Exact reproduction is required for the lines below starting at the line with "Prada Nylon Leather Robot Logo Tote Bag" and ending at the line with "进入设置界面,可以看到手柄的", both included. No other lines, and no pictures.

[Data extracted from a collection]

==*==

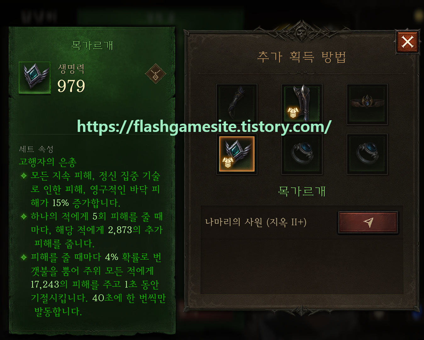 이번 글은 디아블로 이모탈 가장 많이 사용하는 고행자의 은총 세트 아이템편 입니다.
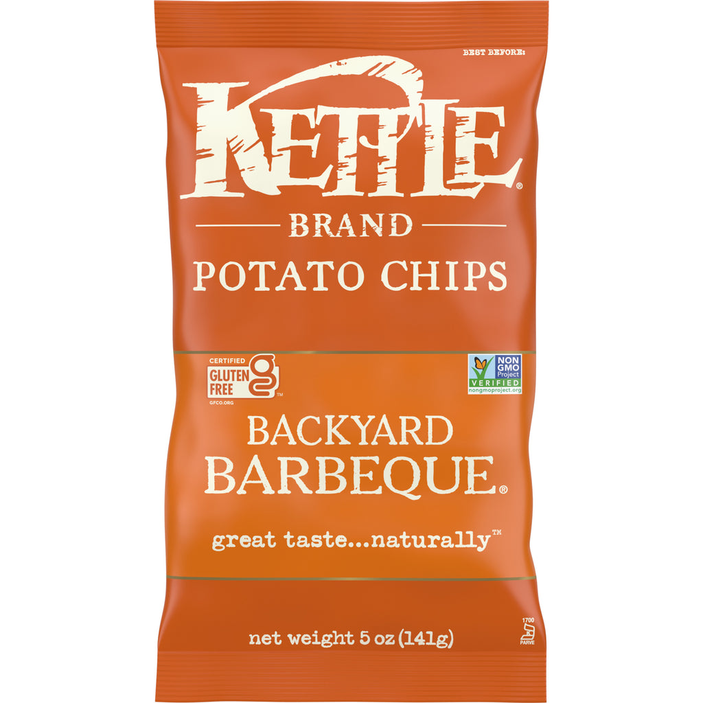 Everyone loves the flavor of Backyard Barbeque - smoky, spicy, tangy and sweet. But, it's the sublime feeling of a classic summertime barbeque that we really love. These Backyard Barbeque beauties are all that, and a bag of chips. So sit back and savor summer's sweet embrace. Kettle Brand potato chips taste so delicious because they're made from authentic recipes with quality ingredients to produce a bold flavor and a hearty crunch.
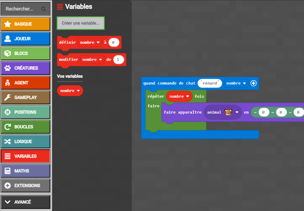(Bonus) Une fois réussi, on peut en profiter pour ajouter les variables des commande de chat qui permettent d’ajouter un chiffre dans la commande pour choisir le nombre d’animaux qu’on veut faire apparaitre
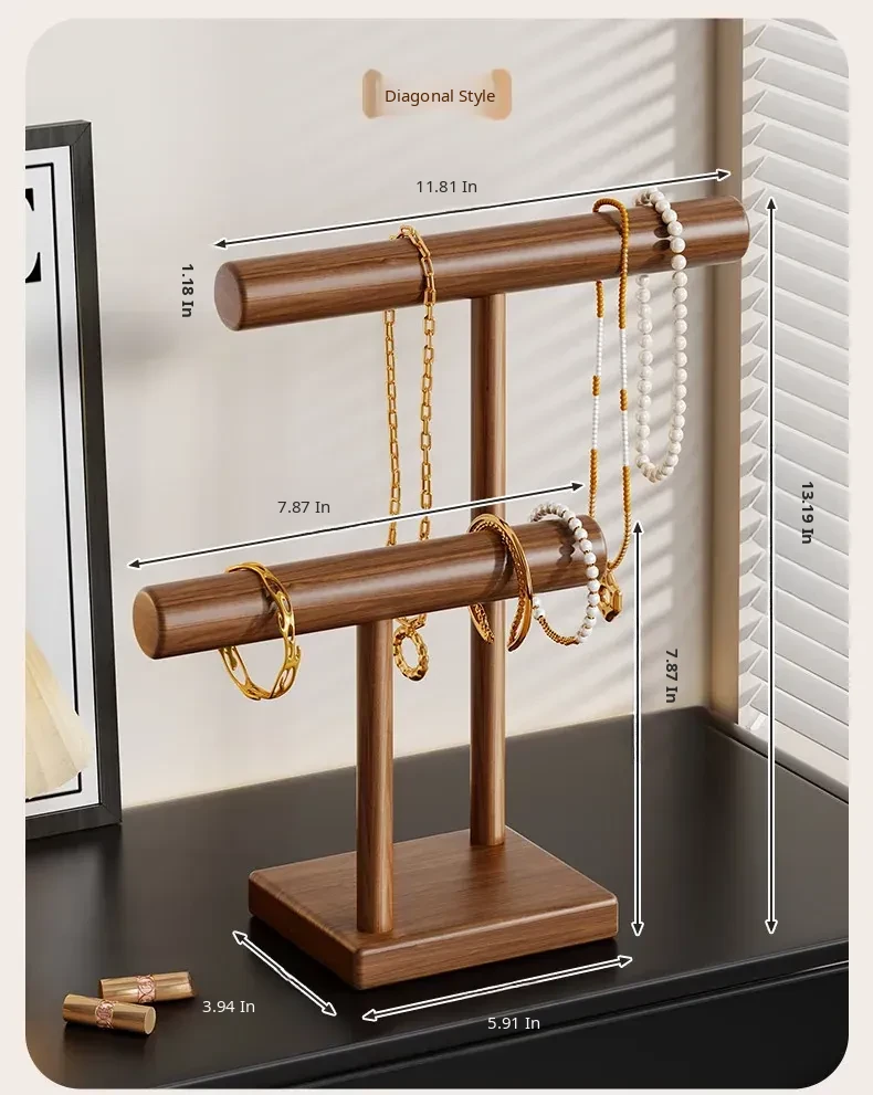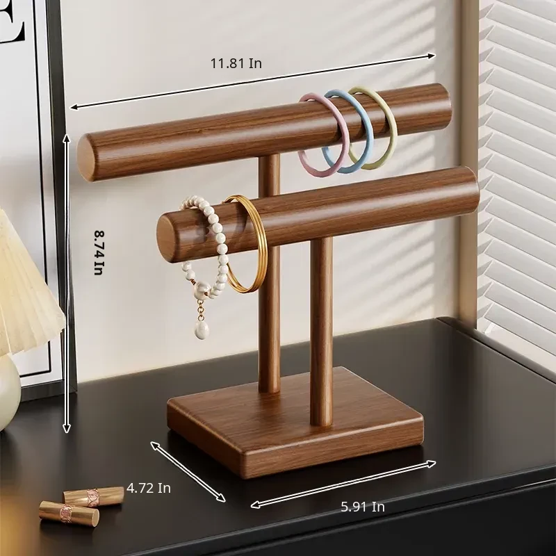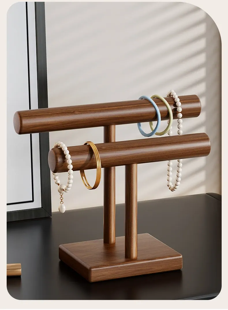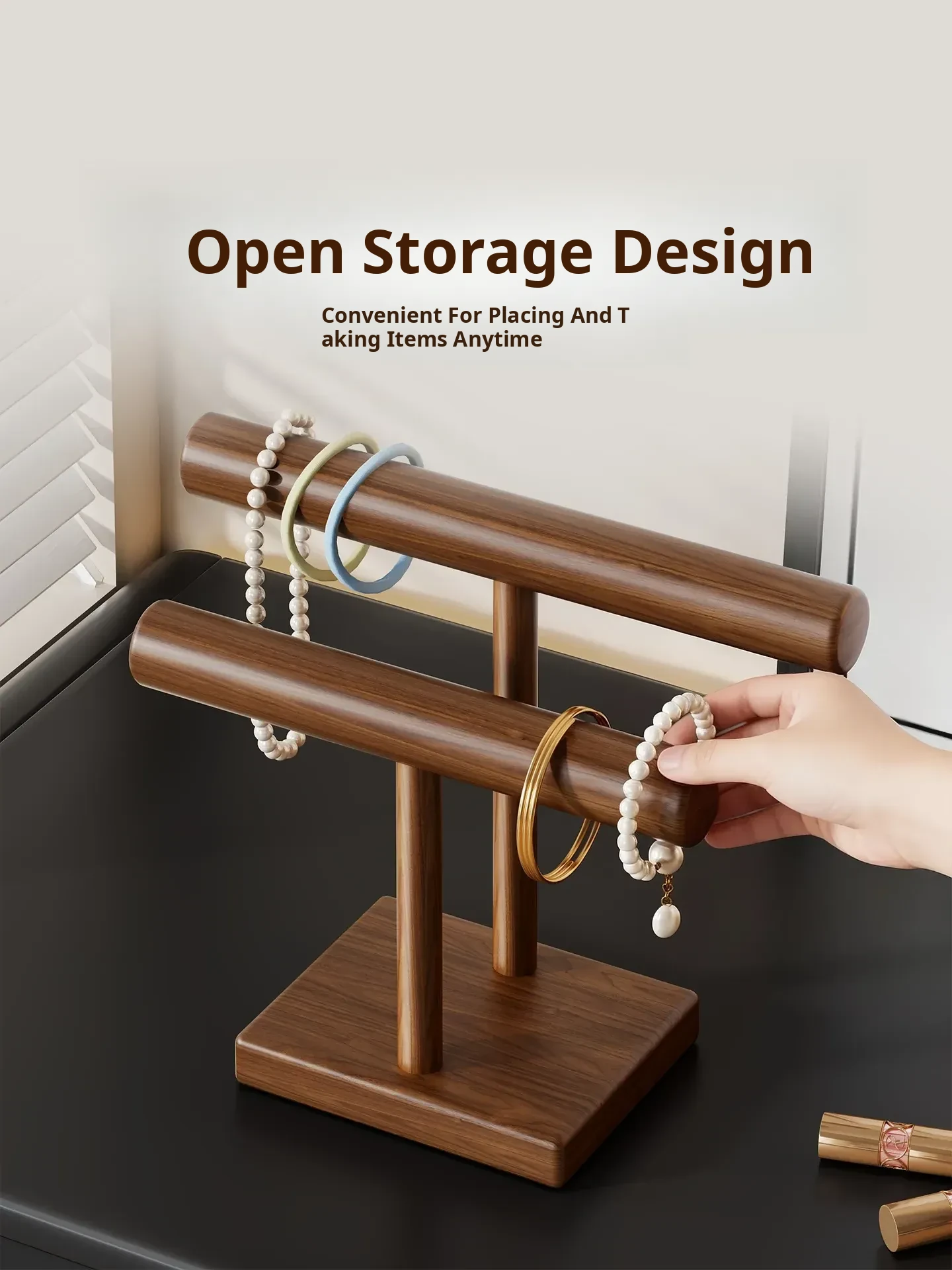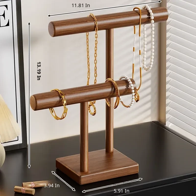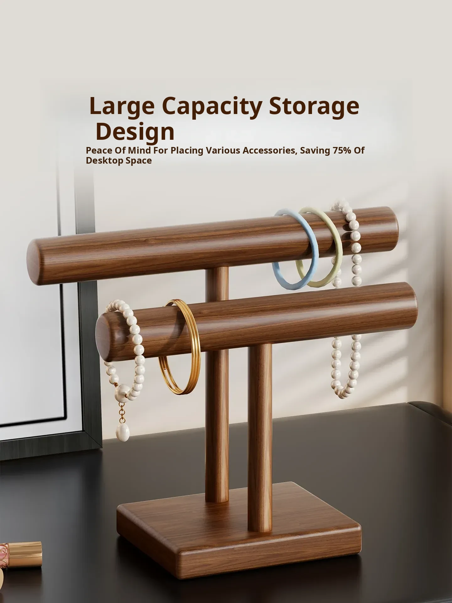 Walnut Wood Double-Layer Jewelry Display Stand - Elegant and Practical Necklace & Bracelet Organizer for Home Use, Perfect for Showcasing Your Accessories
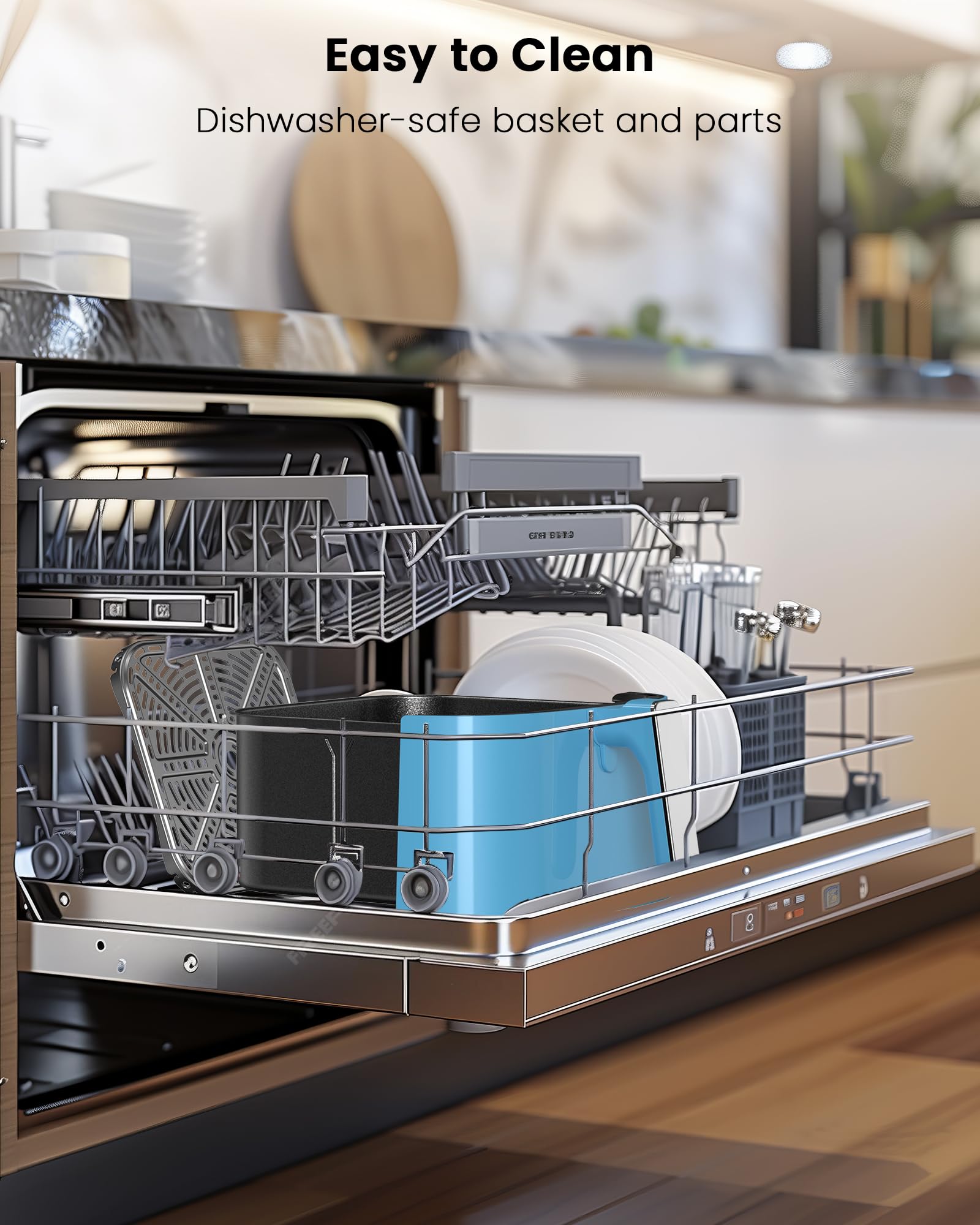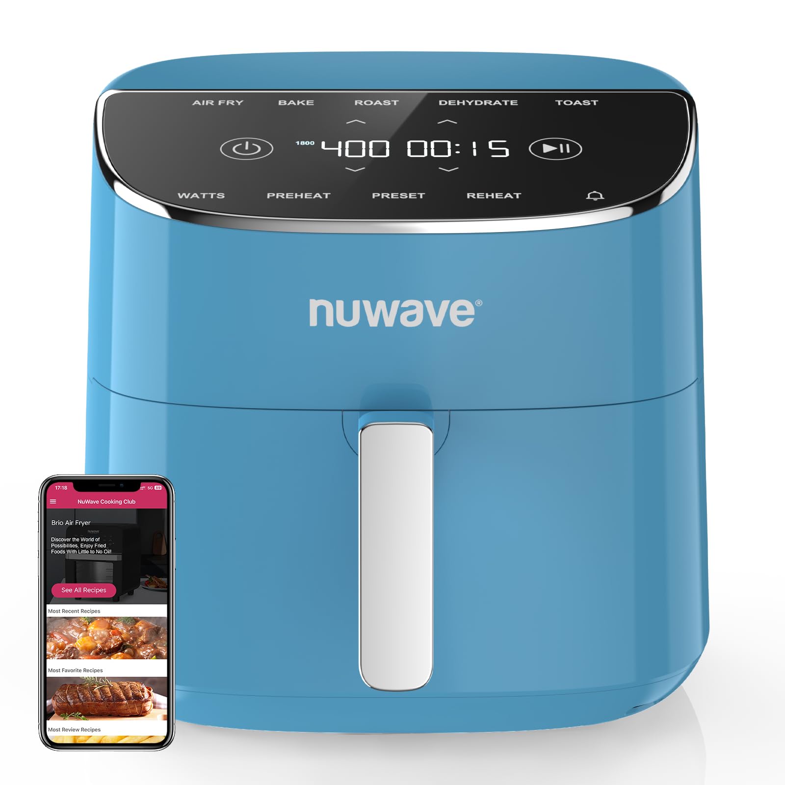 Nuwave Brio Plus Air Fryer 8 Qt, New & Improved, PFAS-FREE, 7 Digital One-Touch Cook Functions that AIR FRY, BAKE, ROAST, DEHYDRATE, TOAST, REHEAT, PREHEAT, 150 Presets, 50°F~400°F (Cozy Blue)
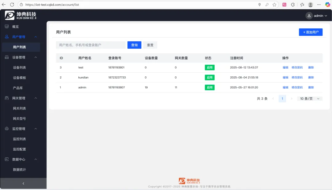管理后端页面截图,客户端支持微信小程序,搜索演示“坤典物联网”,客户端采用uniapp跨平台开发,支持打包安卓、IOS、H5等平台
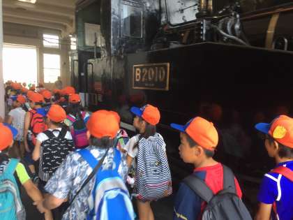 鉄道博物館の最後にみんなで、蒸気機関車庫を見学しました。たくさんの蒸気機関車を間近で見れました。
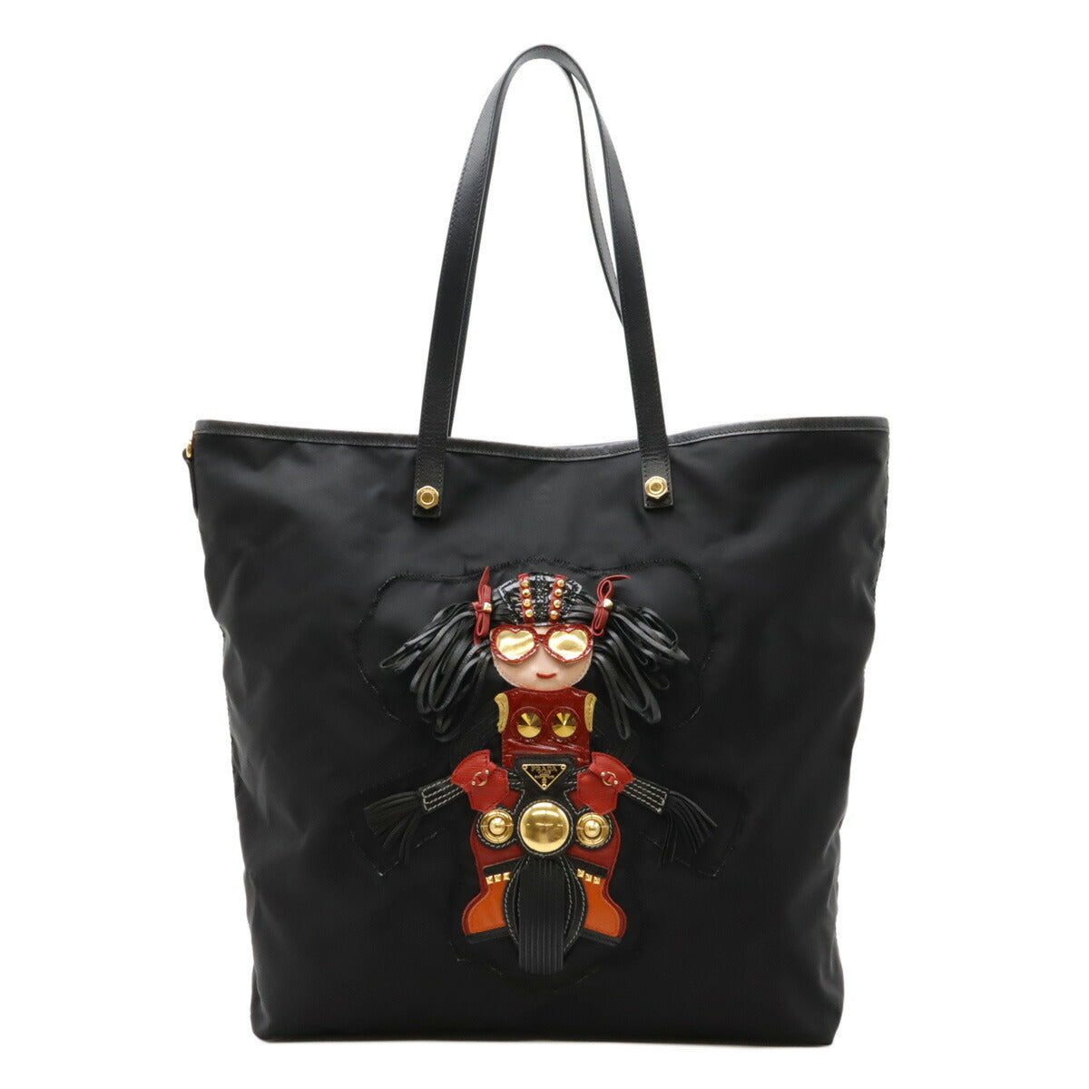 Prada Nylon Leather Robot Logo Tote Bag
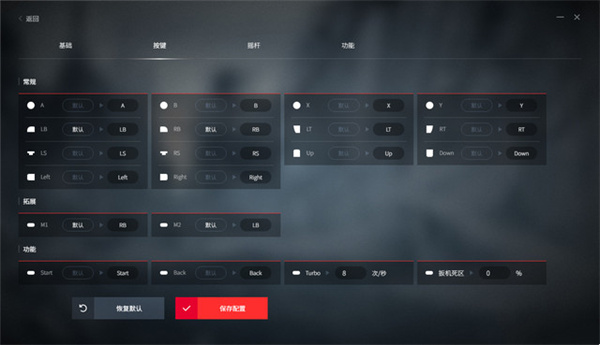 进入设置界面,可以看到手柄的电量,在该界面可以设置各个按键,也可在我的配置中,新增配置来设置,方便日后切换。
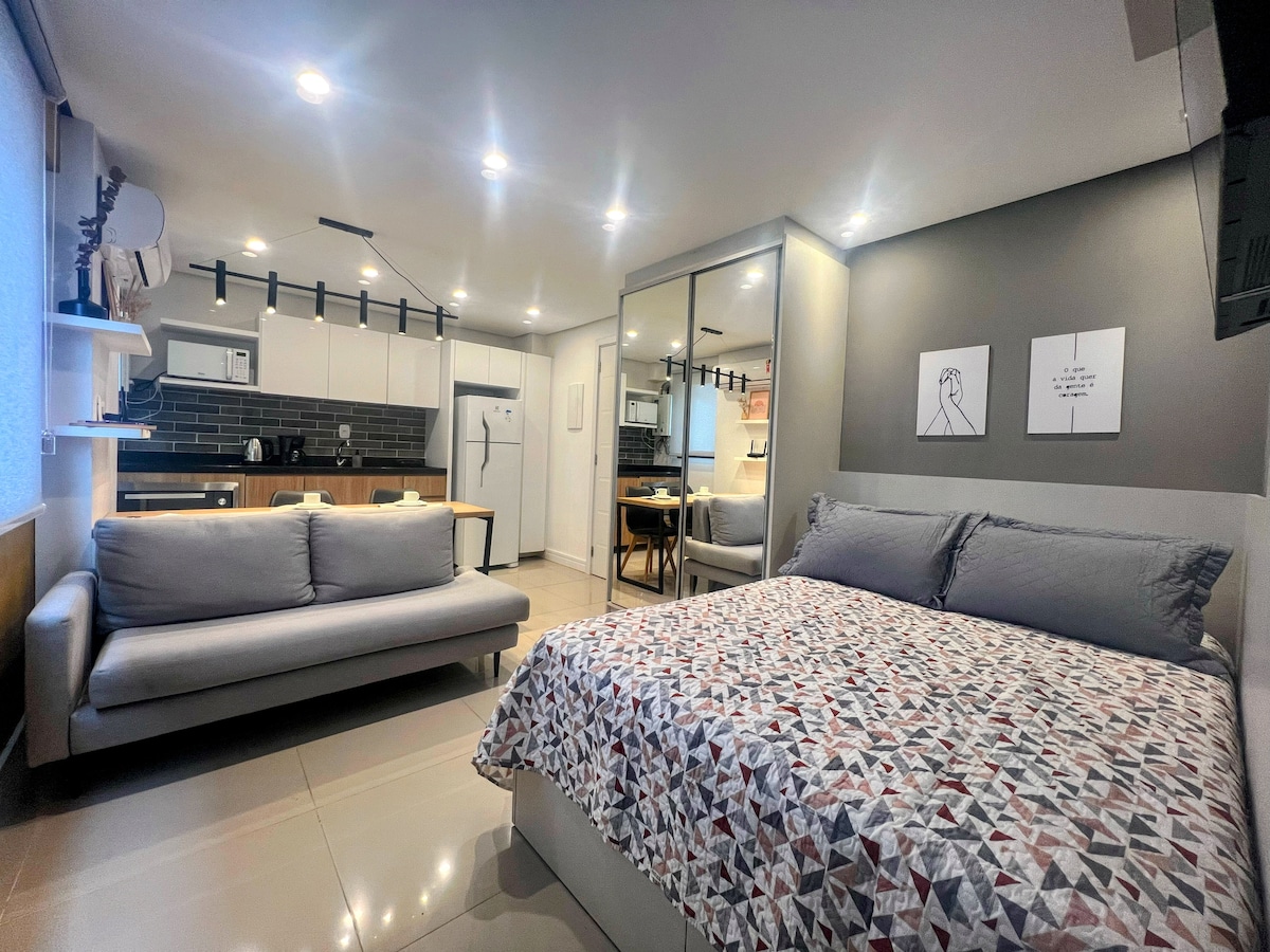 Descubra el encanto y la comodidad de este estudio en el animado barrio de Cidade Baixa. El espacio es integrado, moderno y acogedor, con capacidad para 3 personas, con cocina equipada y comodidades como aire acondicionado, Internet 350mb y Smart TV. Cuenta con conserjería 24 horas y check-in autónomo. Cerca de varios puntos de interés: A pie: Pq. da Redenção: 10 min UFRGS: 10 min Hosp. Santa Casa: 12 min En coche/Uber: Aeropuerto Salgado Filho: 20 min Orla do Guaíba: 5 min PUC: 14min Estación de autobuses: 10 minutos Barra Shopping Sul: 15 min
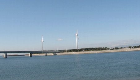 新舞子のマリンパークにある風力発電  風が無いので停止していた。

==*==

◆ Your solution ◆
 Prada Nylon Leather Robot Logo Tote Bag
 进入设置界面,可以看到手柄的电量,在该界面可以设置各个按键,也可在我的配置中,新增配置来设置,方便日后切换。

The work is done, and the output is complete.